Evaluation of Mutual Information Estimators for Time Series
We study some of the most commonly used mutual information estimators, based on histograms of fixed or adaptive bin size, $k$-nearest neighbors and kernels, and focus on optimal selection of their free parameters. We examine the consistency of the estimators (convergence to a stable value with the increase of time series length) and the degree of deviation among the estimators. The optimization of parameters is assessed by quantifying the deviation of the estimated mutual information from its true or asymptotic value as a function of the free parameter. Moreover, some common-used criteria for parameter selection are evaluated for each estimator. The comparative study is based on Monte Carlo simulations on time series from several linear and nonlinear systems of different lengths and noise levels. The results show that the $k$-nearest neighbor is the most stable and less affected by the method-specific parameter. A data adaptive criterion for optimal binning is suggested for linear systems but it is found to be rather conservative for nonlinear systems. It turns out that the binning and kernel estimators give the least deviation in identifying the lag of the first minimum of mutual information from nonlinear systems, and are stable in the presence of noise.
💡 Research Summary
The paper conducts a systematic comparison of three widely used mutual information (MI) estimators for time‑series analysis: histogram‑based methods (both fixed‑width and data‑adaptive binning), k‑nearest‑neighbors (k‑NN), and kernel density estimators (KDE). The central focus is on how the free parameters of each estimator—number of bins, the neighbor count k, and kernel bandwidth—affect estimation accuracy, convergence, and robustness to noise. The authors first review the theoretical underpinnings of each technique and summarize common heuristic rules for parameter selection (e.g., Sturges, Scott, Freedman‑Diaconis for histograms; rule‑of‑thumb bandwidths for KDE). They then design a Monte‑Carlo simulation framework that generates synthetic time series from four benchmark systems: a linear autoregressive (AR(1)) process, a chaotic Lorenz system, a logistic map, and a noisy variant of the logistic map. Series lengths range from 1 000 to 50 000 samples, and additive Gaussian noise levels span 0 % to 30 % of the signal variance.

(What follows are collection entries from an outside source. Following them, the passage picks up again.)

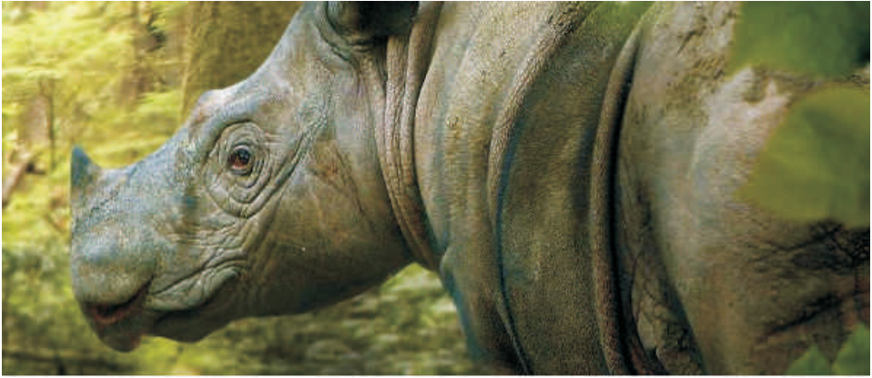
Sumatran Rhinoceros in Indonesia (Sumatera).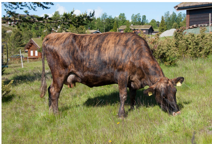
Figure 11. Døla Cattle.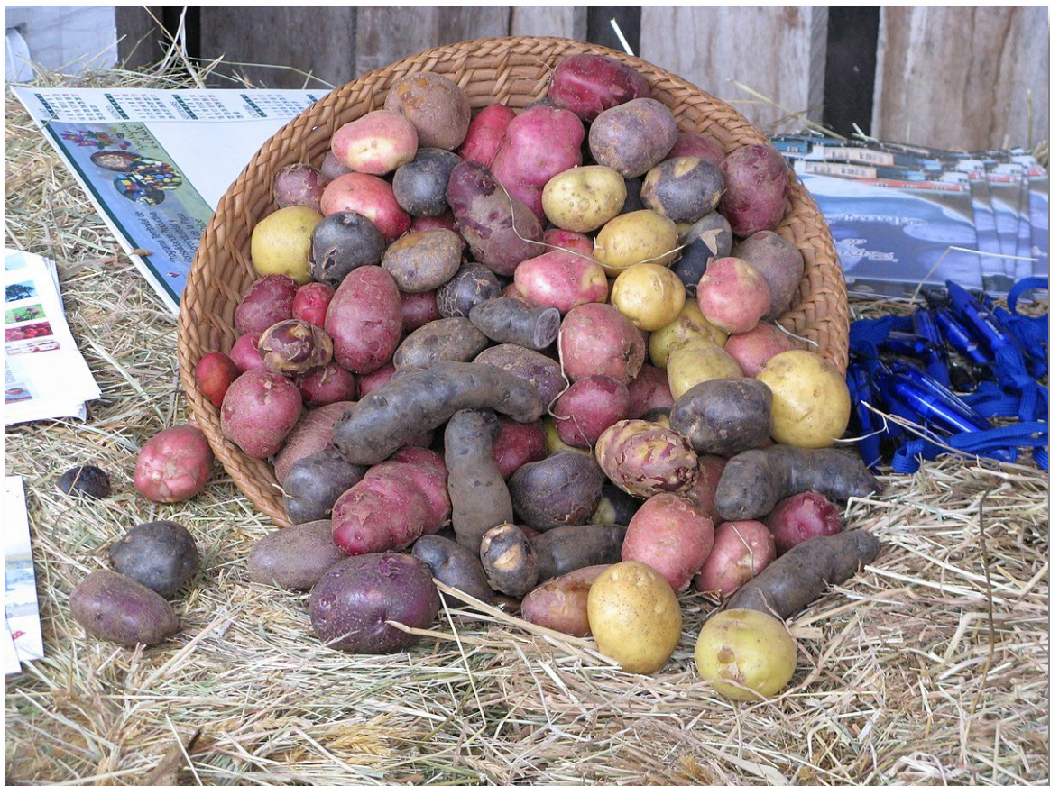
"A selection of Chiloé's roughly 400 native varieties of potatoes".

The Treaty is also crucial because of inter-country interdependence. For example, what happened in Ireland in the 1940s, when potato crops, which was the national staple food, were attacked by a fungus, the Phytophthora infestans . The famine that followed is considered one of the greatest catastrophes in European history as it caused the death of some two million people. But what was the underlying problem? Why was it impossible to cope with the disease? The answer is simple and brings us back to the dangerous concept of uniformity: at the end of the 1500s, a handful of uniform varieties of potatoes were introduced into Ireland. And it is because of that uniformity that the Phytophthora fungus was able to spread easily. The conquistadors had only brought that one variety. At that point, how could this problem that threatened the rest of Europe be solved? European agronomists had to return to Latin America, and precisely to Peru, to find other diverse resistant varieties to eradicate the disease. But this is not an old story.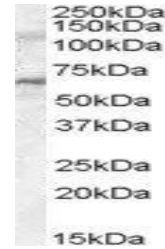
Western blot analysis of Rat Liver lysat...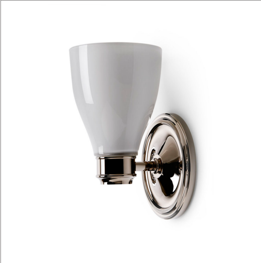
SHOWN IN NICKEL WITH OPAL SHADE

Cole Wall Mounted Single Arm Sconce with Glass Shade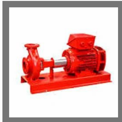
Fire Jockey Pump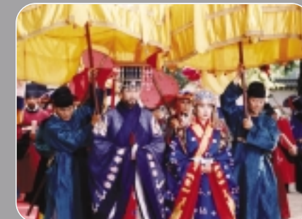
>Historical Epic_ Tears of the Dragon (1998)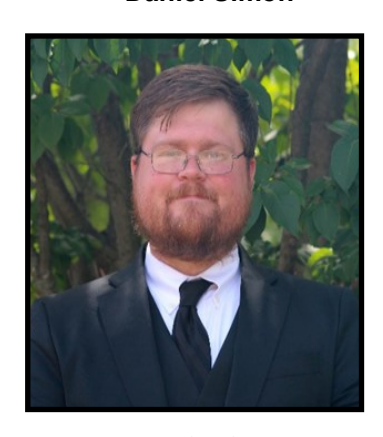
Pre-Theology I University of Saint Mary of the Lake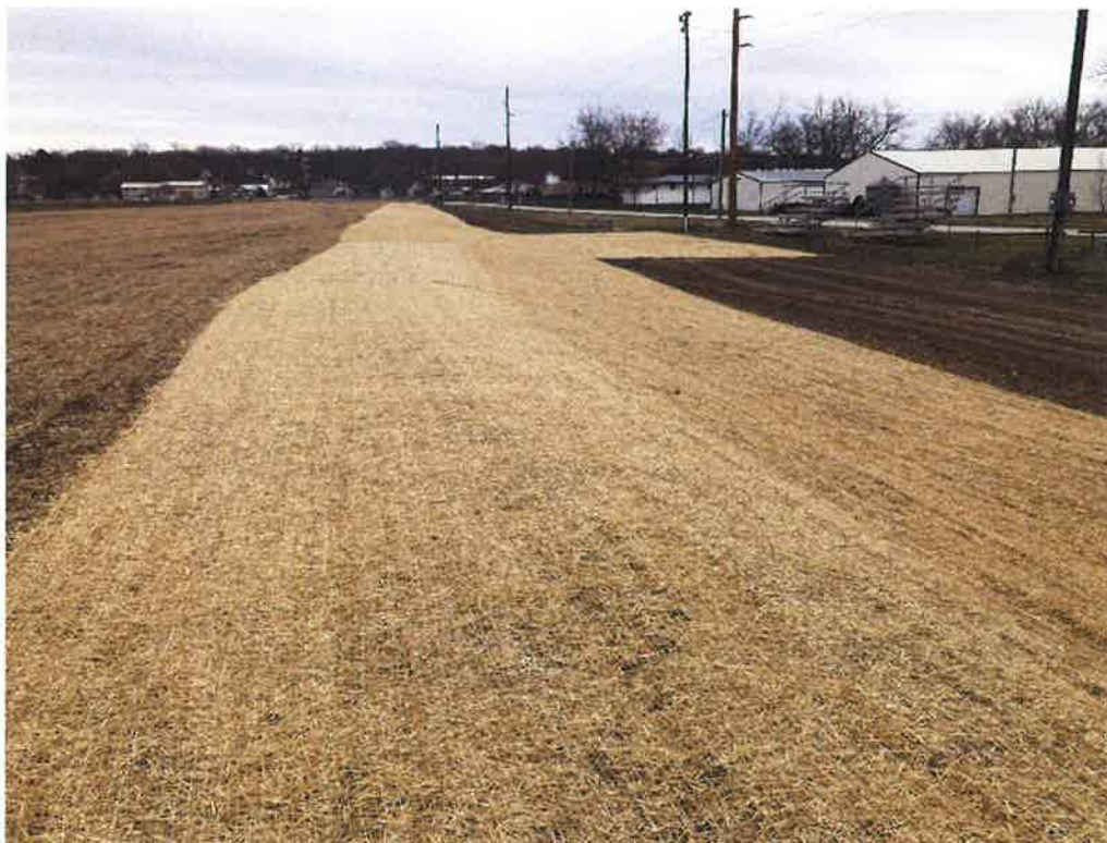
West Point Levee Seepage Berm Construction: Seeding and Matting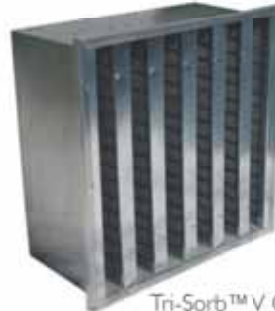
Tri-Sorb™ V Carbon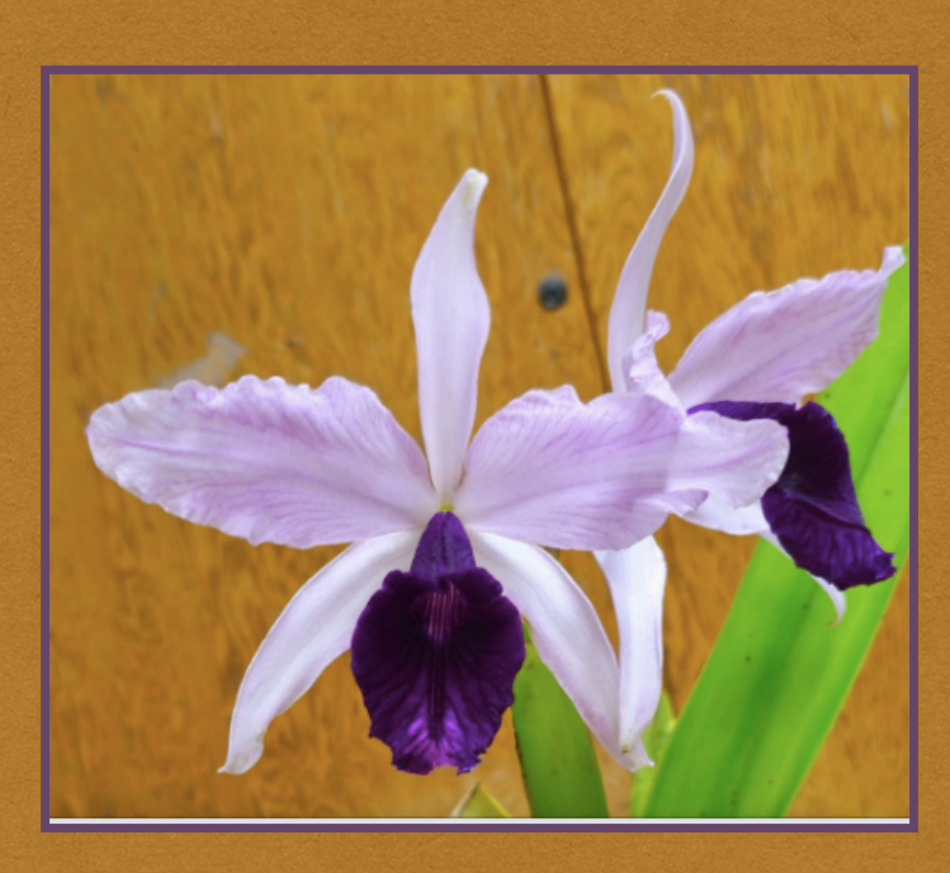
L. purpurata coerulea atropurpurata 'Yasmola'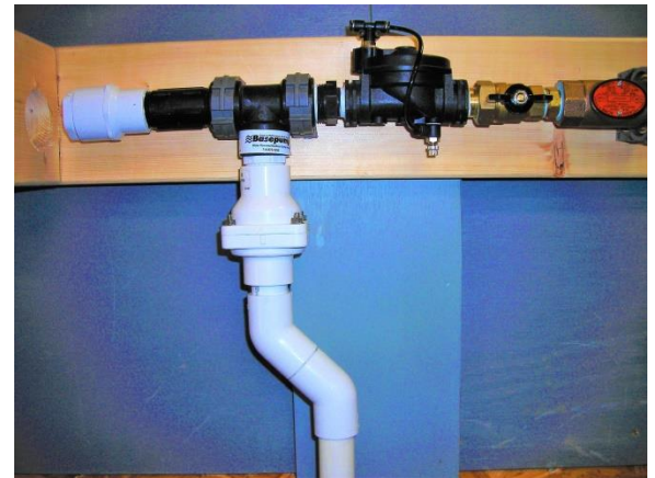
Install Suction Pipe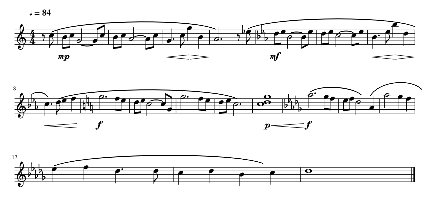
Fig. 9.1: Theme of Reagan's "Prouder, Stronger, Better"

Transcription of the main theme of "Morning in America"4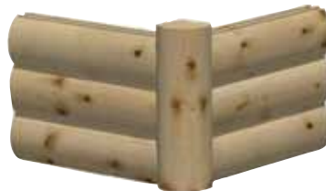
D-Log Corner Post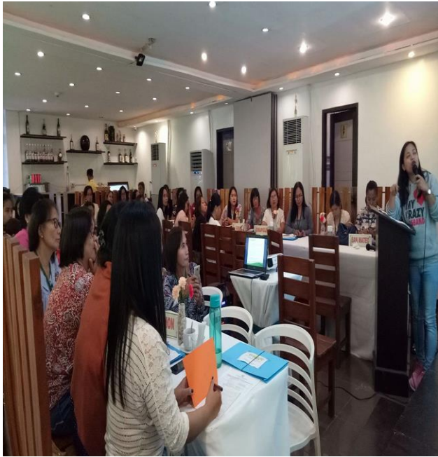
PMOC counselors from the 10 municipalities listen to the speaker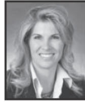
Karen Goldsworth Strauss Security Solutions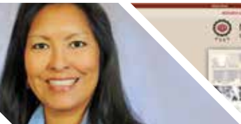
Diane Humetewa becomes first Native American woman to be confirmed as a federal judge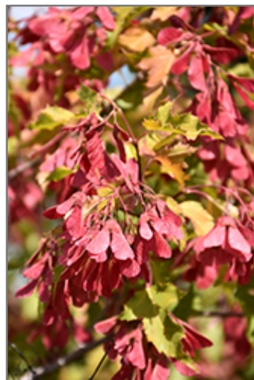
Amur Maple (tree form) fruit

This tree does best in full sun to partial shade. It is very adaptable to both dry and moist locations, and should do just fine under average home landscape conditions. It is not particular as to soil type or pH. It is highly tolerant of urban pollution and will even thrive in inner city environments. This is a selected variety of a species not originally from North America.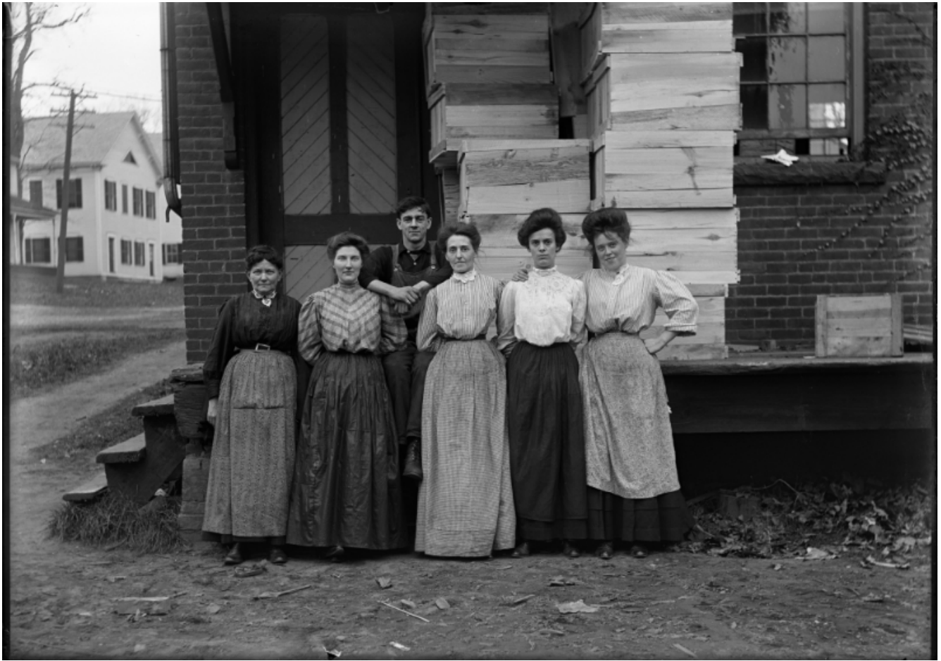
Five women and one man at loading dock of Cole Paper Mill, Putney (1908).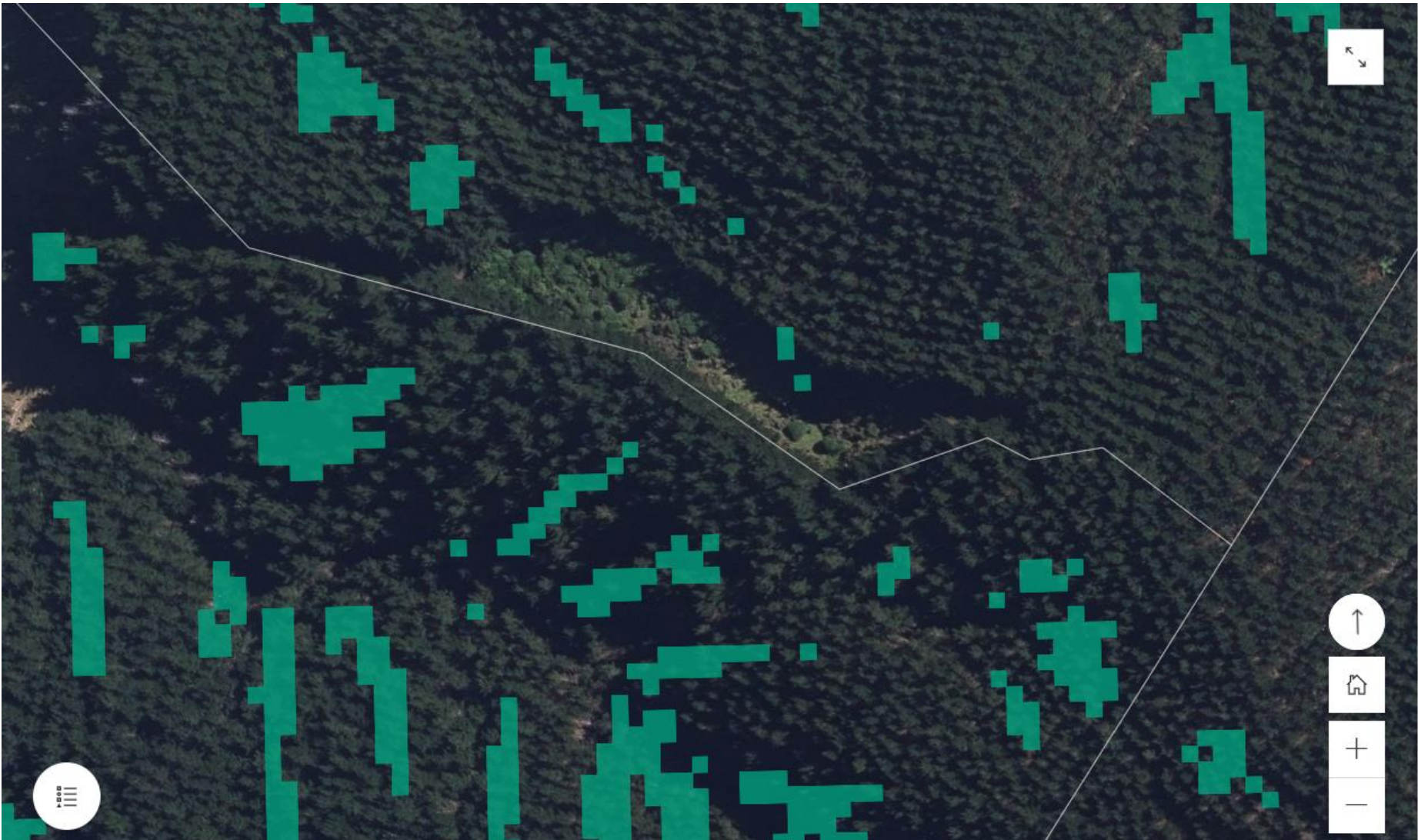
Example of areas deemed to be Highest Erosion Risk Land amongst an existing plantation.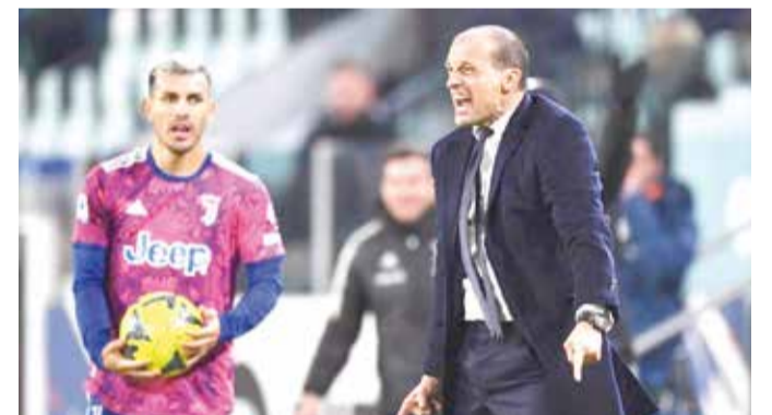
Juventus' coach Massimiliano Allegri reacts next to Leandro Paredes (L)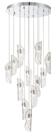
Shown in chrome / clear

PRODUCT DIMENSIONS . . . . . Adjustable Cable Lengths: 96" LAMP LIFE . . . . . 10000 hours COLOR RENDERING . . . . . 90 CRI LAMP COLOR . . . . . 3000K LUMENS/WATT . . . . . 1,150.00 LUMINOUS FLUX . . . . . 3450 lumens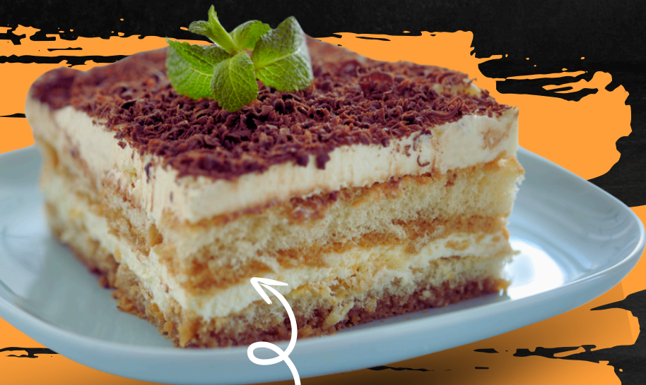
手工提拉米蘇 HANDMADE TIRAMISU

Please inform in advance if you have any food allergies or restrictions. Photos are for reference only. There will be an additional 10% service & cleaning charge added to your final bill 如有任何食物過敏或忌口；請在菜單忌口選項點選告知。菜單上圖片僅供參考，以實際餐點為主。本店內用需酌收10%清潔/服務費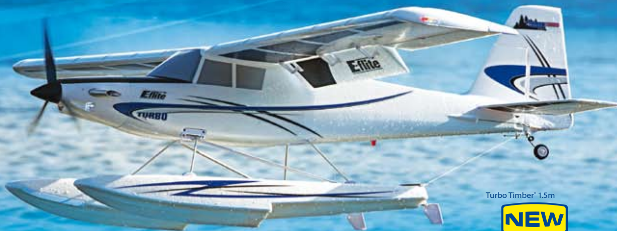
Turbo Timber® 1.5m

– Glassman, HorizonHobby.com customer review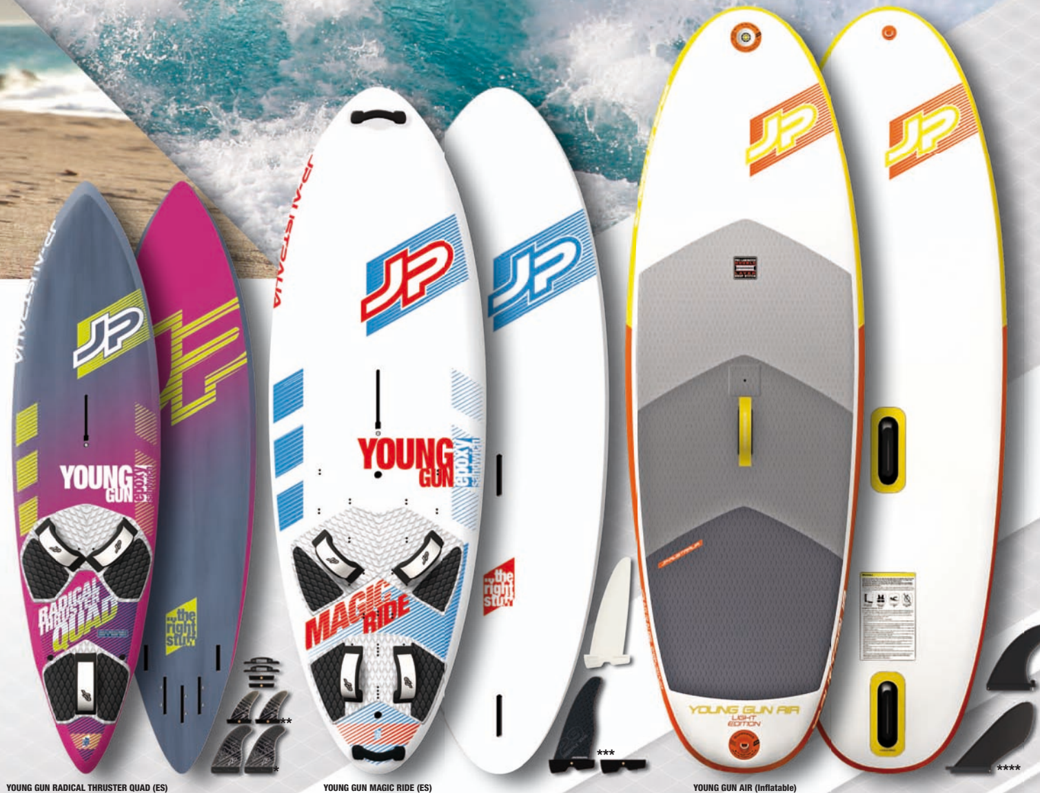
YOUNG GUN RADICAL THRUSTER QUAD (ES)

ES = EPOXY SANDWICH Technology INFLATABLE Light Edition Drop Stitch Technology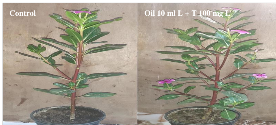
FIGURE 1. Effect of spraying with rapeseed oil and tryptophan on the number of vegetative branches in Periwinkle plants.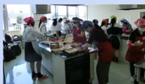
Sagamitana High School students preparing the food for the cafeteria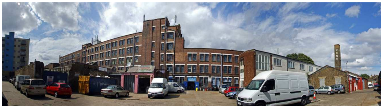
The Bussey Building today

It is essential that the Council's Issues and Options paper includes these topics to enable an informed and adequate public consultation about the future of Peckham town centre.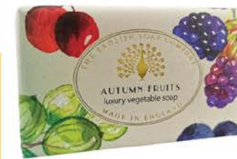
CHI0011 Autumn Fruits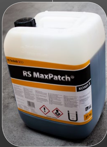
RS MaxPatch® Komp. B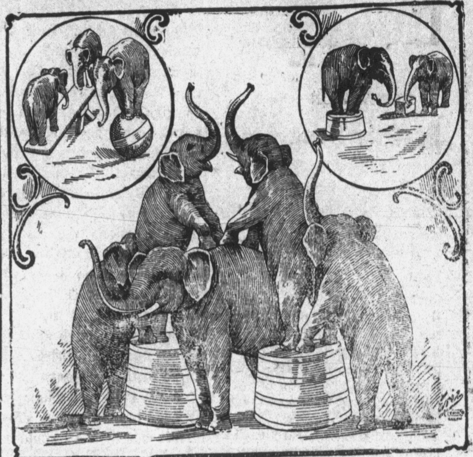
MAMMOTH MENAGERIE AND REAL HIPPODROME.

"The Rhoda Royal Shows was good, big and moral."—Worcester Spy, August 29, 1900.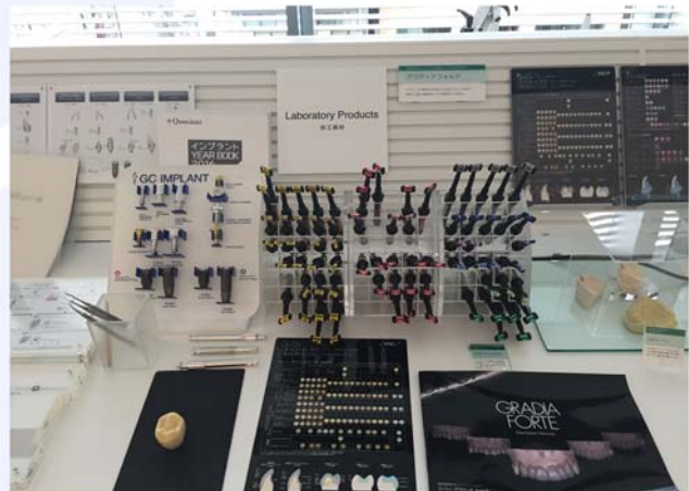
GC Laboratory Products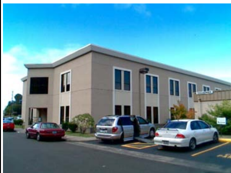
SE Other new bldg out patient only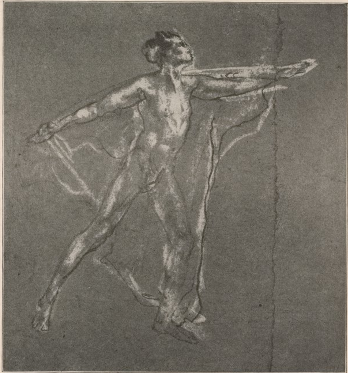
Drawn by Arthur B. Davies.

For each generated series the true MI is computed numerically using a high‑resolution reference method. The three estimators are then applied across a grid of parameter values, and performance is quantified by mean‑squared error (MSE), bias, variance, and the ability to correctly locate the first minimum of the MI curve—a common criterion for selecting an appropriate time‑lag in phase‑space reconstruction. The authors also assess “consistency,” i.e., whether the estimator converges to a stable value as the sample size increases.
Key findings emerge: (1) The k‑NN estimator exhibits remarkable stability across a wide range of k values (3–10). Its bias remains low and its variance shrinks rapidly with increasing sample size, making it the most robust estimator in the presence of moderate to high noise (up to 20 %). (2) Histogram estimators are highly sensitive to bin selection. Fixed‑width binning can be tuned to achieve low MSE for linear processes, but adaptive binning rules such as Freedman‑Diaconis tend to be overly conservative for chaotic dynamics, leading to systematic under‑estimation of MI. (3) KDE performance hinges on bandwidth choice. Cross‑validation (CV)–based bandwidth selection yields near‑optimal bias‑variance trade‑offs and maintains reasonable robustness to noise. (4) When the goal is to identify the lag corresponding to the first MI minimum, both histogram and KDE methods outperform k‑NN, delivering the smallest deviation from the true lag in nonlinear systems. k‑NN tends to shift the minimum slightly earlier, which could mislead embedding‑dimension selection.
Based on these observations the authors propose a data‑adaptive parameter selection scheme. For linear systems they recommend the Freedman‑Diaconis rule for histogram binning, while for nonlinear systems a more conservative rule (approximately √N bins, where N is the series length) yields better MI estimates. For k‑NN they suggest using k = 3–5 as a default, given its insensitivity to k and computational efficiency. For KDE they advocate CV‑driven bandwidth optimization, especially when noise levels are unknown.
The paper concludes with practical guidelines for practitioners: employ k‑NN for general MI estimation when robustness to noise and sample‑size variability is paramount; use histogram or KDE methods when the precise location of MI minima is critical for embedding‑delay selection in chaotic data; and apply the proposed adaptive rules to automate parameter tuning, thereby reducing the reliance on ad‑hoc heuristics. These recommendations are relevant across disciplines that rely on time‑series analysis, including neuroscience (e.g., spike‑train coupling), climatology (e.g., teleconnection patterns), and financial engineering (e.g., nonlinear dependence between asset returns).